There is a growing need for scalable reasoning models in machine intelligence
Machine intelligence has advanced to the point where we have sophisticated reasoning models. This is especially true in fields like mathematical problem-solving, symbolic reasoning and other domains. These models can perform multi-step calculation and logic deductions. They often generate solutions which mirror the human reasoning process. After pretraining, reinforcement learning is used to increase accuracy. However, scaling up these techniques while maintaining efficiency can be a challenge. In response to the growing demand for models with a smaller footprint and greater resource efficiency, yet still exhibiting high reasoning capabilities, researchers have begun to focus on strategies addressing issues such as data quality, exploratory methods, or long-context-generalization.
The Challenges of Reinforcement learning for Large Reasoning Architectures
The mismatch between the capability of the model and the complexity of the data used to train it is a persistent issue with reinforcement learning. A model’s learning curve can stagnate when it is presented with too easy tasks. In the opposite situation, data that are too difficult can overwhelm a model and produce no learning signals. It is particularly pronounced to apply recipes for small models on larger ones. The lack of efficient methods for adjusting rollout diversification and output length both during training and when inferring is another issue. It further restricts the reasoning capabilities of a model on complex benchmarks.
Current Post-Training Methods for Advanced Models: Limitations
Earlier approaches like DeepScaleR, GRPO and GRPO-R have shown how reinforcement learning improves the performance of reasoning models at small scales with just 1.5 billion parameter. However, applying these same recipes to more capable models, such as Qwen3-4B or Deepseek-R1-Distill-Qwen-7B, results in only marginal gains or even performance drops. The static distribution of data and limited sampling diversity are two major limitations. The majority of these methods do not adjust the sampling temperature and/or response length in time, nor filter data on the basis of model capability. These approaches often don’t scale up well on advanced architectures.
Polaris. A Recipe Tailored for Scalable Real-Time Reasoning in Reasoning Tasks
Researchers from Fudan University and Fudan University have introduced Polaris. It is a recipe for post-training that was designed with the specific purpose of scaling reinforcement learning to handle advanced reasoning problems. Polaris comes with two preview versions: Polaris-4B and Polaris-7B. Polaris-4B-Preview is fine-tuned from Qwen3-4B, while Polaris-7B-Preview is based on Deepseek-R1-Distill-Qwen-7B. Researchers developed a model-agnostic system that allows for a variety of explorations through the use of controlled sampling temperature and a broader range inferences through extrapolation. Both models were optimized for consumer graphics processing units. These strategies used open-source datasets as well as training pipelines.

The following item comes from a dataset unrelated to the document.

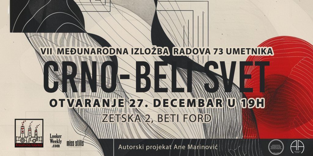Izložba „Crno-beli svet“ biće otvorena za javnost od 27. decembra 2025. do 27. januara 2026. godine u Galeriji „Beti Ford“. Ovo je jedinstvena prilika da vidite preko 70 radova iz različitih zemalja, različitih tehnika i pristupa, sjedinjenih zajedničkom temom kontrasta i forme.

Polaris Innovations – Difficulty Balancing and Controlled Sampling with Long Context Inference
Polaris incorporates many innovations. Polaris implements multiple innovations. So, the data is updated to reflect the growing abilities of the model. Second, the researchers dynamically adjust the sampling temperature across training stages—using 1.4, 1.45, and 1.5 for Polaris-4B and 0.7, 1.0, and 1.1 for Polaris-7B—to maintain rollout diversity. This method also uses Yarn-based techniques to expand the inference context to 96K tokens, without the need for additional training. The method addresses the lack of efficiency in long-sequence learning by allowing a “train-short, test-long” approach. It also uses techniques like the Rollout Rescue System and Intra-Batch Informative Replacement to avoid zero-reward batch sizes and preserve useful training signals, even when keeping the rollout size small.
Polaris performs better than larger models
Polaris models have achieved state of the art results in multiple math benchmarks. Polaris-4B Preview achieves an accuracy of 81.2% on AIME24 while Qwen332B is only using 2%. The score is 44.0% for Minerva Math and 69.1% for Olympiad Bench. It also scores 94.8% in AMC23. Polaris-7B Preview is also a strong performer, with scores of 72.6% for AIME24 and 52.6 percent on AIME25. This results shows a steady improvement over other models, such as Claude-4 and Grok-3. Polaris is a light, compact model with a performance that bridges between the small, open models and 30B+ commercial models.

This is the conclusion: Effective reinforcement learning through smart post-training strategies
Researchers have shown that intelligent control is needed to scale reasoning models. This includes a smarter approach in controlling the difficulty of data training, sample diversity and inference duration. Polaris is a reproducible formula that tunes all of these elements to allow smaller models the same reasoning power as massive commercial systems.
Click here to find out more Model You can also find out more about the following: Code. The researchers are the sole owners of all credit. Also, feel free to follow us on Twitter Don’t forget about our 100k+ ML SubReddit Subscribe Now our Newsletter.
Nikhil works as an intern at Marktechpost. He has a dual integrated degree in Materials from the Indian Institute of Technology Kharagpur. Nikhil, an AI/ML fanatic, is constantly researching AI/ML applications for biomaterials and other biomedical fields. He has a background in Material Science and is always exploring advancements.